- _Provided data_
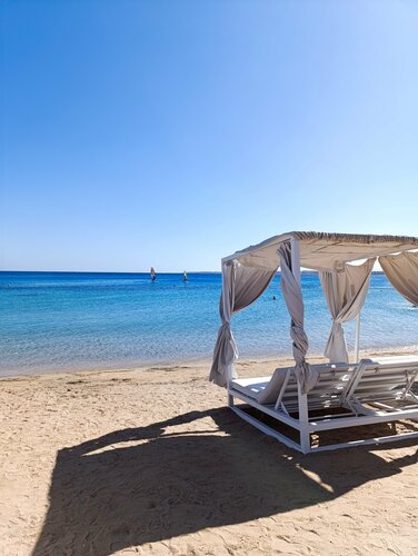 В этом отеле мы чувствовали себя, как дома! Очень клиентоориентированный персонал, вкусная кухня, на гриле готовят каждый вечер, иногда краба и перепелок. Потрясающая анимация: танец живота, аквааэробика, растягивающая гимнастика. Адриано - потрясающий! Очень уютная территория, с ухоженными растениями. Пляж с зонтиками и щитами от ветра. Очень понравился номер-шале с патио, выходящим на газон. На территории много птиц, есть удоды, белые цапли, которые вылавливают мальков из прибоя. В павой стороне от отельного пляжа можно найти длинный коралловый риф, недалеко от берега. Сам городок Сахль-Хашиш уютный, с пешеходным променадом вдоль пляжей.
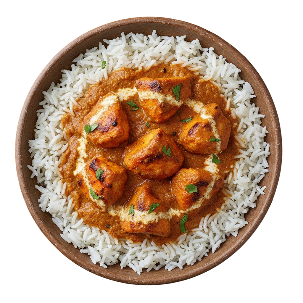 Grilled chicken pieces in a creamy, spiced tomato sauce, a beloved British-Indian fusion dish.
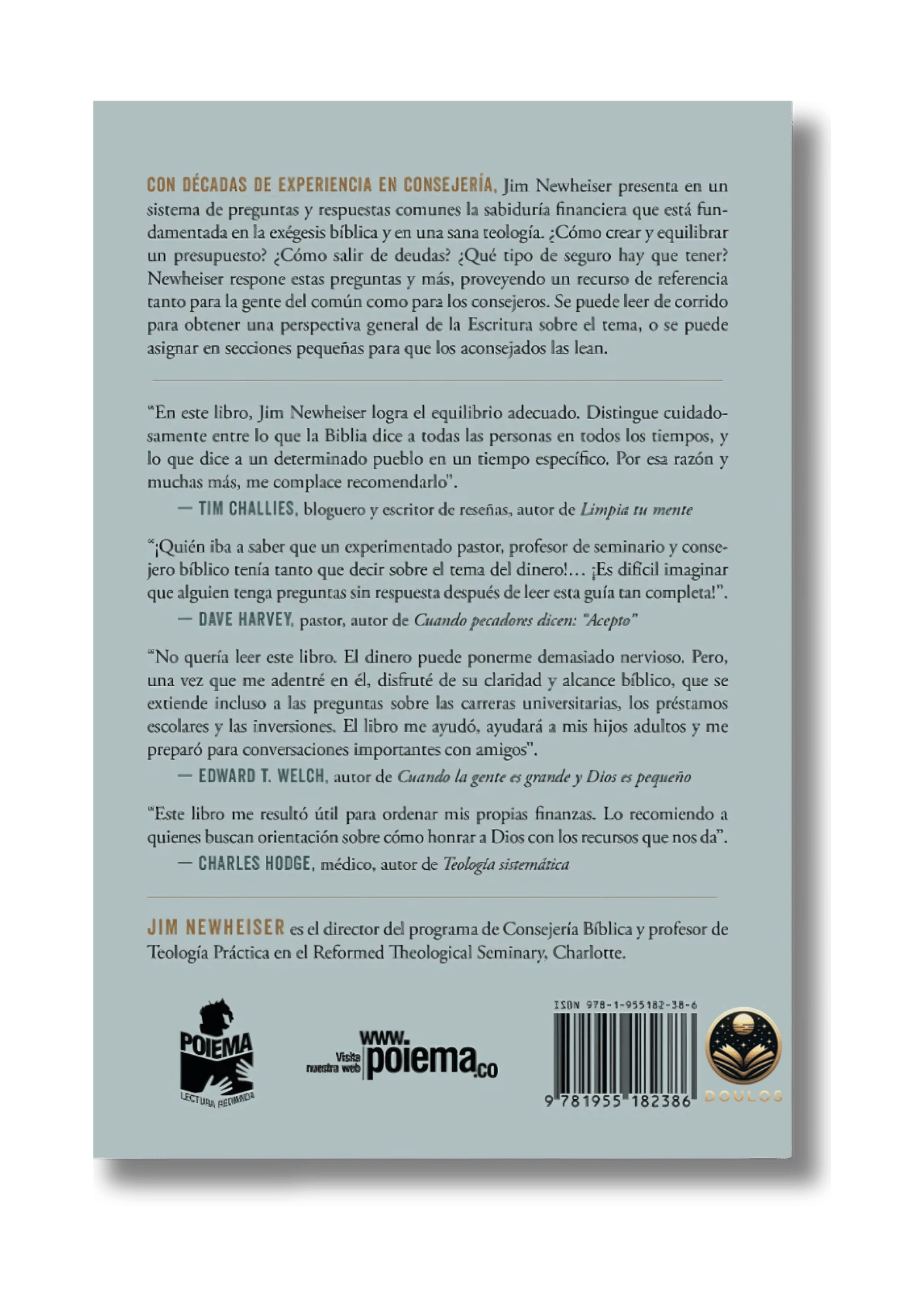 Con décadas de experiencia en consejería bíblica, Jim Newheiser ofrece en este libro respuestas claras y prácticas a las preguntas más comunes sobre el manejo del dinero, la deuda y las finanzas personales, fundamentadas en la sabiduría de la Escritura y una sana teología.
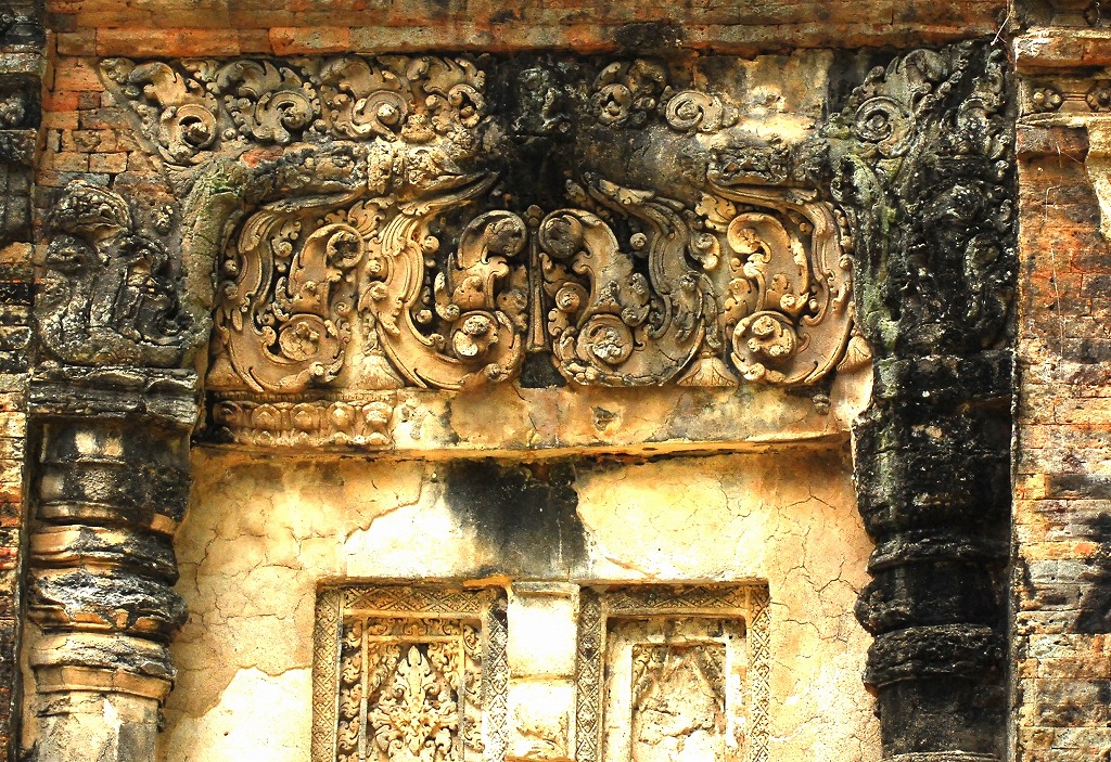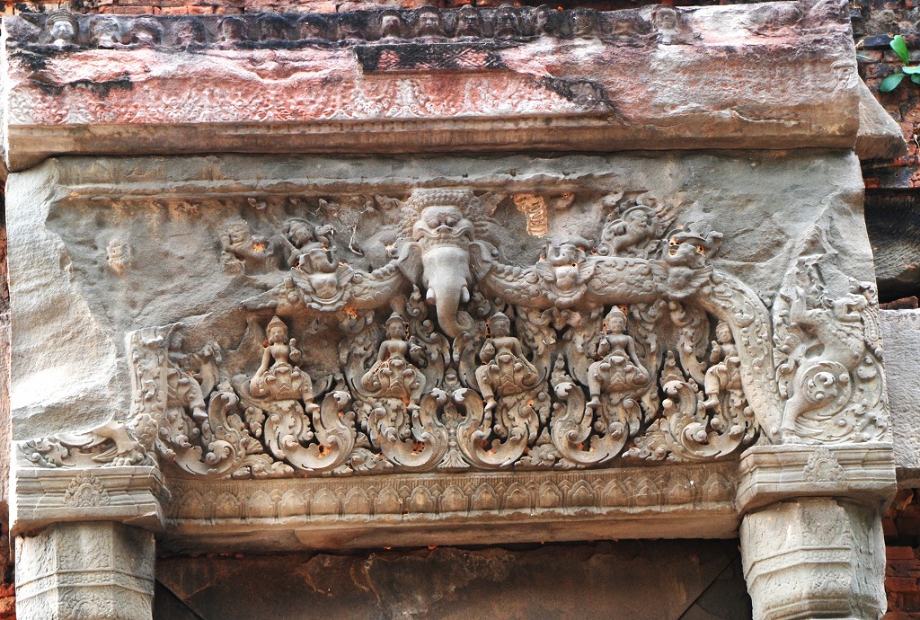 NO3 シェムリアップ州 プレア コ− 両サイドに ナガ−が描かれて居るが その後のリンテルに ナ−ガが 多く描かれる |

- _Task_
Give back the listing word for word, minus its images.

- _Result below_
 В этом отеле мы чувствовали себя, как дома! Очень клиентоориентированный персонал, вкусная кухня, на гриле готовят каждый вечер, иногда краба и перепелок. Потрясающая анимация: танец живота, аквааэробика, растягивающая гимнастика. Адриано - потрясающий! Очень уютная территория, с ухоженными растениями. Пляж с зонтиками и щитами от ветра. Очень понравился номер-шале с патио, выходящим на газон. На территории много птиц, есть удоды, белые цапли, которые вылавливают мальков из прибоя. В павой стороне от отельного пляжа можно найти длинный коралловый риф, недалеко от берега. Сам городок Сахль-Хашиш уютный, с пешеходным променадом вдоль пляжей.
 Grilled chicken pieces in a creamy, spiced tomato sauce, a beloved British-Indian fusion dish.
 Con décadas de experiencia en consejería bíblica, Jim Newheiser ofrece en este libro respuestas claras y prácticas a las preguntas más comunes sobre el manejo del dinero, la deuda y las finanzas personales, fundamentadas en la sabiduría de la Escritura y una sana teología.
 NO3 シェムリアップ州 プレア コ− 両サイドに ナガ−が描かれて居るが その後のリンテルに ナ−ガが 多く描かれる |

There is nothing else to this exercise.